2007,  Au diable Vauvert, 356 pages, 22€ (Traduction Alfred Boudry, sortie chez Le livre de poche en mai)

D'autres avis chez CunéLaure, Yvon, Camille,
Tamara, Liza, Stephanie, Lorraine, Joëlle, Fashion, La liseuse, Lily et Thom!


Mardi 15 avril 2008
  


 

Au début des années 20, au cœur du bush australien, Mathilda, 13 ans, vient de perdre sa mère. Restée seule avec son père alcoolique, c'est donc à elle qu'incombe rapidement la charge de l'immense domaine familial et de ses milliers de moutons. Malgré son jeune âge, elle va devoir s'imposer dans un milieu d'hommes, affronter les éléments naturels qui menacent l'équilibre du domaine et se protéger de la convoitise de ses voisins... 50 ans plus tard, à Sydney, Jenny vient de perdre son fils et son mari dans un accident,  et apprend avec stupéfaction que ce dernier avait prévu de lui offrir un vaste domaine situé dans l'outback australien. Ne sachant que faire de cet encombrant cadeau posthume, elle se rend sur place et découvre les journaux intimes de l'ancienne propriétaire.

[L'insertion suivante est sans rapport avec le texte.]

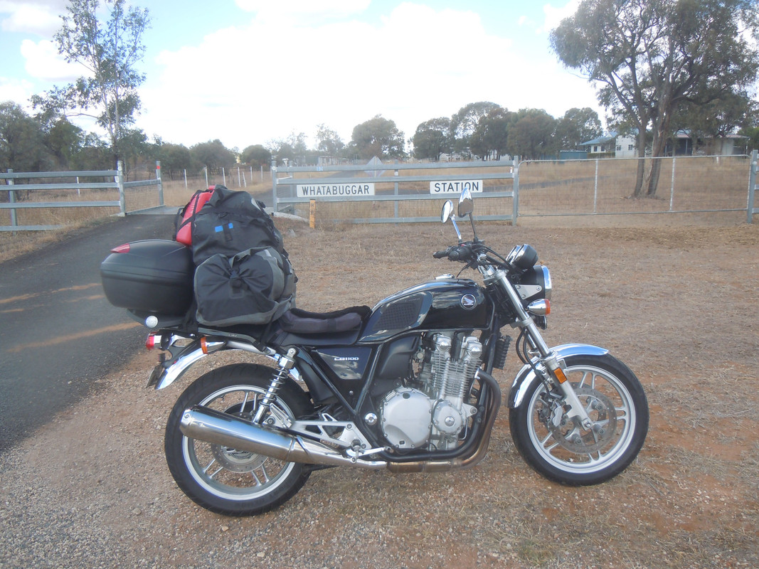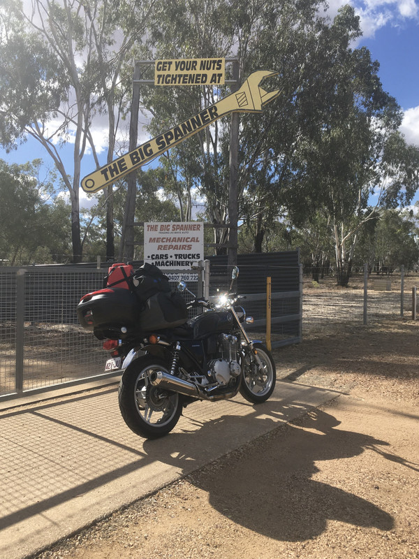 We stopped for the day in Gayndah, a pretty town. An attempt to settle at the local camp ground failed to elicit any response from the proprietor, so we found a cheap motel with a couple of rooms and settled there. It turned out the husband of the proprietor was something of a motorcycle enthusiast. This specimen sat in the shop.

Le roman alterne les passages consacrés à Mathilda et ceux consacrés à Jenny, ce qui donne un résultat assez inégal : Combative, fière et solitaire, Mathilda est un personnage qui a du chien, et c'est dans les pages qui relatent son destin tragique que le décor prend toute sa dimension. Ces étendues quasi-désertiques et arides, où il est possible de ne pas voir une goutte de pluie pendant plusieurs années, ce milieu hostile où les hommes se révèlent souvent encore plus cruels que la nature sont les vrais atouts de ce roman.  Le récit perd en revanche beaucoup de son charme quand il s'intéresse au personnage insipide de Jenny. On patauge dans l'eau-de-rose, et l'histoire d'amour entre la jeune veuve et Brett Wilson, le directeur du domaine, donne lieu à quelques passages d'une mièvrerie consternante.  Je suis donc assez partagée, mais au fond j'ai passé plutôt un bon moment en lisant ce roman, notamment parce que l'auteur ne lésine pas sur les rebondissements. C'est finalement une saga plutôt sympathique, facile à lire, si vous cherchez une petite chose légère pour vos prochaines vacances, pourquoi pas ?


2005, Archipoche, 566 pages, 8,50€
Ce roman est paru une première fois aux éditions France Loisirs sous le titre L'héritière de Chirunga.